Limitations & Future Work¶
- Verification is currently performed post-generation; extending it to "dynamic self-verification during generation" is an open research direction.
- Verification capability still lags behind generation: models sometimes produce safe answers but fail to verify them correctly.
- Reliance on Claude-4-Sonnet as the expert generator for critique may amplify the expert's inherent biases during distillation.
- Experiments focused on the DeepSeek-R1-Distill series; validation on closed-source LRMs like o1 or Claude Thinking is pending.
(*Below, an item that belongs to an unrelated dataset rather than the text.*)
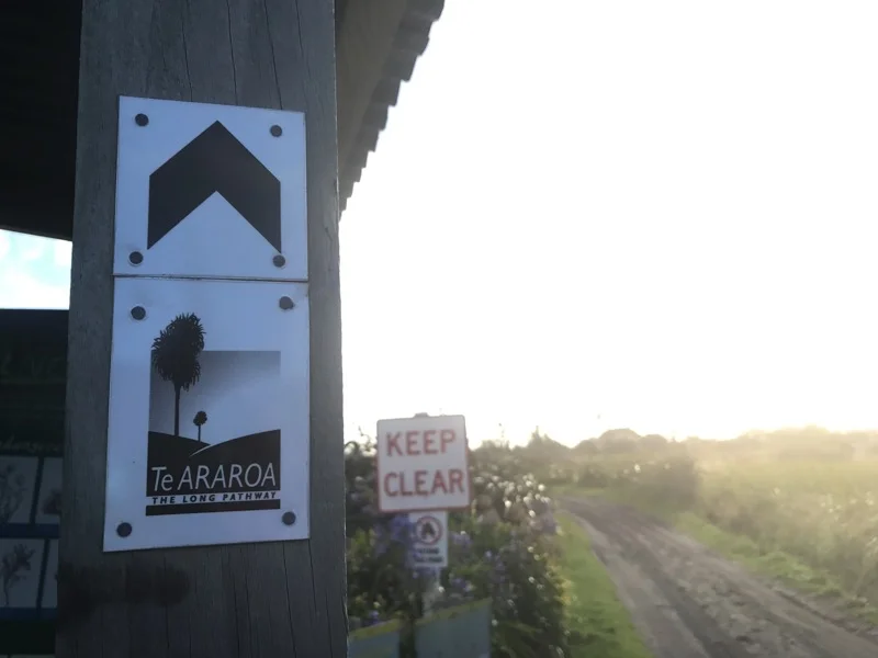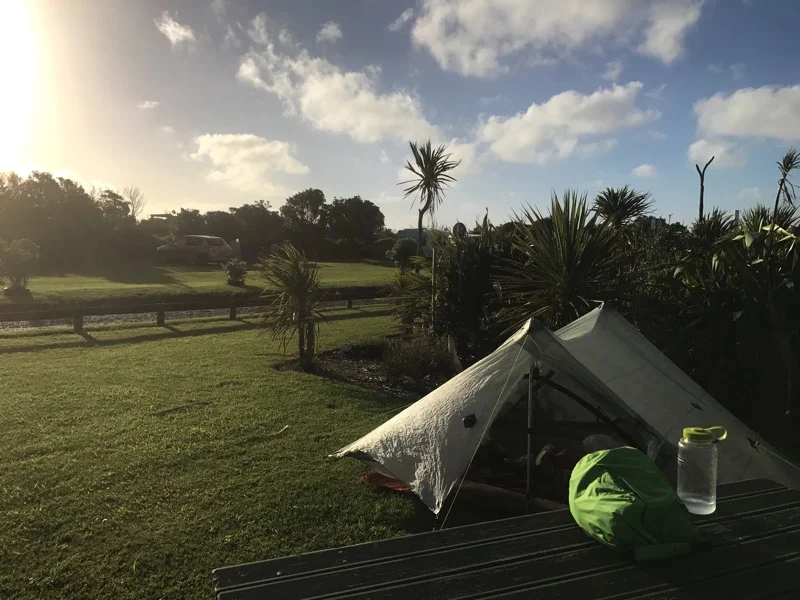 In the early evening I made it off the highway and was on the home stretch to the campsite I planned to stay at. There were finally some houses too! The first few I passed were farms with long driveways or looked like nobody was home, but I finally got to a house that was close to the road, had a car in the driveway and had a few windows cracked. Someone had to be home. As I walked up a really nice lady said hello and I explained I'd been walking all day and would really appreciate it if I could quickly use her bathroom. She showed me the way and after thanking her again I hit the road to the campsite. I made it to the Koitiata beach town and campsite around 6:30. They let TA hikers stay there for free and just ask that they sign a guest book. After setting up my tent and making dinner I found the book. Erinn, Trevor, Marjolein and Creya had been there the night before like they planned.
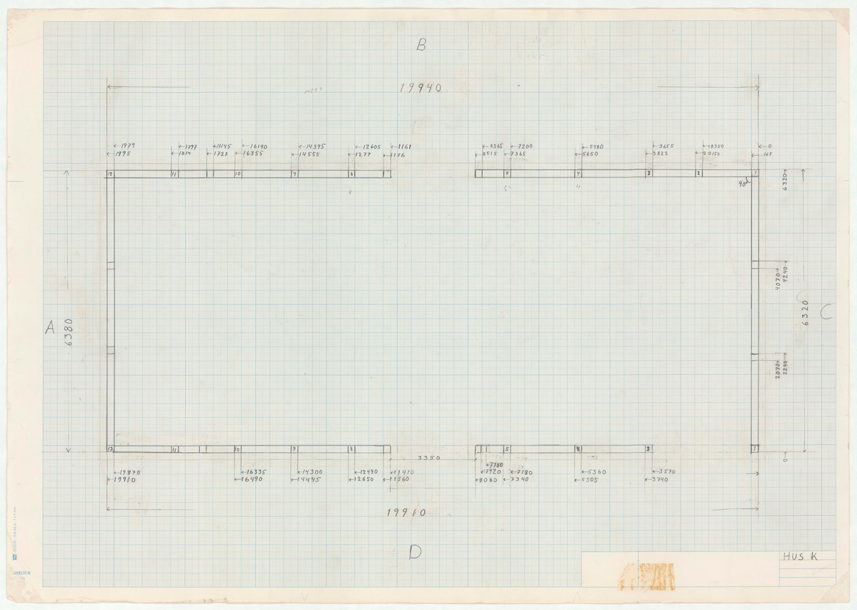 Titel: Skånegården. Västra loglängan. Detaljritning. HUS K.

- HCoT still achieves 62% ASR against 14B+GRPO, indicating total defense remains a challenge.
Related Work & Insights¶
- vs. SafeChain (Jiang et al. 2025): SafeChain distills long CoT safety reasoning but remains answer-centric. Ours proves that training only on verification generalizes better (Fortress ASR 19.2 vs. 48.2).
- vs. STAR-1 (Wang et al. 2025): STAR-1 uses deliberate reasoning over safety specs but aims to generate safe answers directly. Ours flips this to a verification objective for higher stability.
- vs. Llama Guard / Qwen3-Guard external guardrails: External guards outsource responsibility, leading to surface-level mimicry by the generator. Ours demonstrates that internalizing the judgment is a more fundamental solution.
Rating¶
- Novelty: ⭐⭐⭐⭐⭐ The flip from generation to verification is a true conceptual shift supported by strong evidence.
- Experimental Thoroughness: ⭐⭐⭐⭐⭐ 3 models \(\times\) 9 benchmarks, plus sampling, component, and spec ablations with data efficiency analysis.
- Writing Quality: ⭐⭐⭐⭐ Clear narrative, though some math blocks (reward function) had minor formatting inconsistencies.
- Value: ⭐⭐⭐⭐⭐ Provides a new paradigm for LRM safety alignment with open-source code for the community.